During the last two decades, laparoscopy was accepted worldwide as a gold standard approach for the treatment of these diseases surpassing open surgery because of its undisputed advantages as well as less morbidity, faster recovery, and also better cosmetic results [3].

Always in the 1990s, it has been published as the first report of laparoscopic gastrointestinal resections for esophageal or gastric malignancy.

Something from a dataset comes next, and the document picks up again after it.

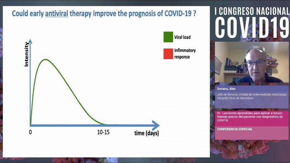 Tras la revisión de éstos y otros estudios, Soriano concluye que con la aplicación del tratamiento antiviral en fases precoces, en las que se alcanza el pico de carga viral, "se podría demostrar que es ahí donde se consigue la mayor eficacia". Admite que, a día de hoy, "ninguno de los estudios se ha hecho en esta etapa", aunque se refirió a uno de Gilead con su fármaco, remdesivir, del que esperan "datos positivos". El tiene claro que se necesita "tratamiento antivírico con administración precoz para reducir ingresos hospitalarios y en UCI, así como la mortalidad".

The first minimally invasive esophagectomy was reported by Cuschieri [4] in 1994. Subsequently, many reports have been published focusing on the technical aspect and feasibility of thoraco-laparoscopic esophagectomy.

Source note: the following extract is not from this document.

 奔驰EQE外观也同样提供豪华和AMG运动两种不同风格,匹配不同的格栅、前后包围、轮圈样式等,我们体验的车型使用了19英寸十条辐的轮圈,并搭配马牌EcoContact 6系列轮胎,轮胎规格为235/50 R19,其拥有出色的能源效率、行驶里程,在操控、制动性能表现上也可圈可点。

With the term minimally invasive esophagectomy (MIO), it means a procedure in which both the abdominal and thoracic stages are either fully endoscopic or hand-assisted endoscopic, while hybrid MIO (HMIO) is a procedure in which one stage (abdominal or thoracic) is open and other stage is endoscopic or hand-assisted endoscopic.

A recent systematic review [5] analyzed the efficacy and safety including mortality, operative complications, recurrence, and quality of life of laparoscopic esophagectomy comparing to open surgery. The authors found 28 comparative studies with no randomized controlled studies (RCTs). They suggest that minimally invasive esophagectomy seems to be safe and effective as well as the open surgery. However, the quality of the researched studies is poor and with many possible bias. So they cannot conclude that minimally invasive techniques are superior to open surgery. They also suggested the best way to analyze the results of MIO in the future underlying that probably a comparative study could be adequate provided that it includes all the countless variables about patients, surgical techniques, and type of cancer.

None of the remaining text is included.